Finally, remember that the symbol encoders are just a convenience to make things more lisp-like. You can build a plot specification, both keys and values, entirely from text if you wish.
Encoding symbols
JavaScript identifiers are incompatible with Common Lisp identifiers,
so we need a way to translate between them. plot
uses Parenscript
symbol
conversion
for this. This is one of the reasons for specialised symbol encoders.

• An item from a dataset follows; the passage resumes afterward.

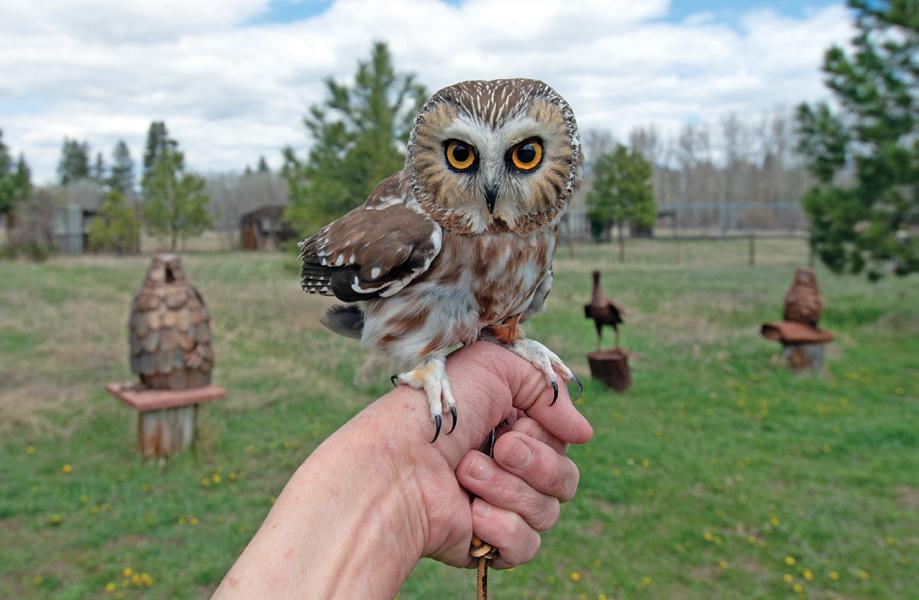 state rehabilitation, possession, eagle exhibition, and falconry permits to keep raptors on her ranch outside of Missoula. She founded Raptors of the Rockies in 1988 with the purpose of education and to provide rehabilitation for young and injured birds. Not all rehabilitated birds are able to survive back in the wild, so 25 years ago, her purpose shifted to solely providing a lifetime of quality care for permanently disabled and imprinted raptors and falconry birds. Her first bird was Clive, a Redtailed Hawk with one eye.
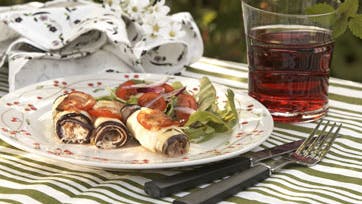 Skær auberginerne i tynde skiver på langs. Drys skiverne med salt og lad dem ligge 15 min. for at trække væsken ud. Rør kødet med æg, rasp og tomatpure. Hak snackpeber og hvidløg fint, og rør det i farsen sammen med krydderierne. Skyl aubergineskiverne og læg en skefuld fars på hver. Rul auberginerne sammen om farsen og læg dem i et ovnfast fad. Læg tomatskiver over rullerne og drys med osten. Bag rullerne i ovnen ved 200° i 15 min. og server med grøn salat.

Let’s look at the difference between the standard yason
encoder and
the one provided by plot
(Parenscript):
LS-USER> (ps:symbol-to-js-string :x-offset)
"xOffset"
LS-USER> (yason:encode-symbol-as-lowercase :x-offset)
"x-offset"
LS-USER>
That difference is significant to Vega-Lite, where identifiers with a
-
are not allowed. Vega is also case sensitive, so if a key is
xOffset
, xoffset
will not work. Fortunately Parenscript’s symbol
conversion is just what we need. It will automatically capitalise the
words following a dash, so x-offset
becomes xOffset
.
Symbols can also be used for value fields, and these are more forgiving. As long as you are consistent, and keep in mind that a behind the scenes conversion is happening, you can use lisp-like identifiers. Where this mostly comes into play is when you are using Vega transforms, as in the residuals example:
(:data ,(filter-rows imdb '(and (not (eql imdb-rating :na))
(lt:timestamp<
release-date
(lt:parse-timestring "2019-01-01"))))
:transform #((:joinaggregate #((:op :mean
:field :imdb-rating
:as :average-rating)))
(:calculate "datum['imdbRating'] - datum.averageRating"
:as :rating-delta))
Notice that we used :imdb-rating
as the field name for the
joinaggregate
, however in the calculate
part of the transform we
used the converted name imdbRating
; that’s because by the time the
transform is run, the conversion will have already happened. When we
use :as
we are assigning a name, when we use datum
, we are
telling Vega to find a name, and since this is done in a text
field, plot
won’t convert the names it finds inside text strings.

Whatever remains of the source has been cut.